New Zealand Shipping Co. Ltd. v A.M. Satterthwaite & Co. Ltd. case brief

New Zealand Shipping Co. Ltd. v A.M. Satterthwaite & Co. Ltd. case brief summary
[1975] AC 154, [1974] 1 All ER 1015

-Ajax Machine Tool Co. Ltd. manufactured and consigned a drill to A.M. Satterthwaite & Co. Ltd. 
-A bill of lading was issued by agents for the Federal Steam Navigation Co.
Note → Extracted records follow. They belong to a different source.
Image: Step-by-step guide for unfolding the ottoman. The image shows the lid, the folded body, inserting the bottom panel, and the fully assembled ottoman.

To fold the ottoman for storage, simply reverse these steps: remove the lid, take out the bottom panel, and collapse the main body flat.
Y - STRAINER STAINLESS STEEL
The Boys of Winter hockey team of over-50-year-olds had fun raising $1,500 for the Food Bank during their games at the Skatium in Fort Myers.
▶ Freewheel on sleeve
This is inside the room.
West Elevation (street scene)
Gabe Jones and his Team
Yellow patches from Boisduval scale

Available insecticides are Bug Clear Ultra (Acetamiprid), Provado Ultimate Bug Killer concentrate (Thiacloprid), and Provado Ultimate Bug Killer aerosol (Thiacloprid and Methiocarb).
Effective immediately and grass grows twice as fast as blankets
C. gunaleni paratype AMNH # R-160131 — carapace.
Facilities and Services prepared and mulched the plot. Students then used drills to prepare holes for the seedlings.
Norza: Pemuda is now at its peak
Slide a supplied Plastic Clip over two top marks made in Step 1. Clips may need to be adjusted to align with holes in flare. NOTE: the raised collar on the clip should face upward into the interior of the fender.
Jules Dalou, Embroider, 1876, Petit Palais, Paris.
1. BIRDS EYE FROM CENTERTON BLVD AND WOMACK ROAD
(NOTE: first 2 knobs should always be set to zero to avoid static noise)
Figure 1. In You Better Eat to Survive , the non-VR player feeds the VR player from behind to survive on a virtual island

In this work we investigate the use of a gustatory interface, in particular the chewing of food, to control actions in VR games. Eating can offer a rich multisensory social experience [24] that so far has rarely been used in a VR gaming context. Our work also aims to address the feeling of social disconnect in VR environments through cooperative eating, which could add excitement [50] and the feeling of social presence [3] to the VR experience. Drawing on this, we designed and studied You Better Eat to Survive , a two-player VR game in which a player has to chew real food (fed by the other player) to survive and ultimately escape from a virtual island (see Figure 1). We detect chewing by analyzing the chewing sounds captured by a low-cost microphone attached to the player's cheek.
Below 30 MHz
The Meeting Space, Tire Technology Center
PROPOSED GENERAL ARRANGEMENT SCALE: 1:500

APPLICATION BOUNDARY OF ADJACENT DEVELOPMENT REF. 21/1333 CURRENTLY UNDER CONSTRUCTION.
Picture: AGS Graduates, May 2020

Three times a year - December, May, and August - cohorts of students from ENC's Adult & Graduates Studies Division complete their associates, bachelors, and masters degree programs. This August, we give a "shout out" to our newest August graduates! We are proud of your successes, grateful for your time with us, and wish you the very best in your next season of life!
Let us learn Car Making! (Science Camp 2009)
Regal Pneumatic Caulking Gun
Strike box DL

Ltd. which contained a clause stating the following:
-there was no liability for the carrier or servants/agents to the consignee,
-all claims must be within one year (Carriage of Goods by Sea Act), and
-not accountable for damages in excess of £100 unless the goods were insured for that value.
-The stevedores were New Zealand Shipping (of which the Federal Steam Navigation Co. was a subsidiary) and they unloaded the drill and in the course of unloading damaged the drill due to negligence. 
-Satterthwaite brought this action three years after the damage and NZ Shipping claimed that they were not liable as they were covered by the clause in the bill of lading.

Does the limited liability clause in the bill of lading apply to the stevedores in this case?

Yes.  Appeal was allowed with costs to the appellant.  Liability clause applies.

The test for agency:
-if the party is meant to be covered by provisions;
-if the promissor is clearly acting as agent for the party; and
-if the promissor has authority to do this;

Consideration then moves from party through agent to promissee. Applying the test to this case, the court found that it is clear that there is a subsidiary relationship between the parties.

-Satterthwaite agreed to exempt carrier and agents from liability in the bill of lading and commercial realities must mean that this covers the whole carriage from loading to discharge. 
-This is essentially a "unilateral" contract which becomes bilateral with the specific performance of loading the goods. 
-These acts constituted consideration for an agreement between Satterthwaite and NZ Shipping and therefore NZ Shipping would be subject to the exemption conditions of the bill of lading. 
-Wilberforce makes it clear that this decision is in the interest of ensuring an efficient global market; the owners should have been insured since they knew the true value of the goods.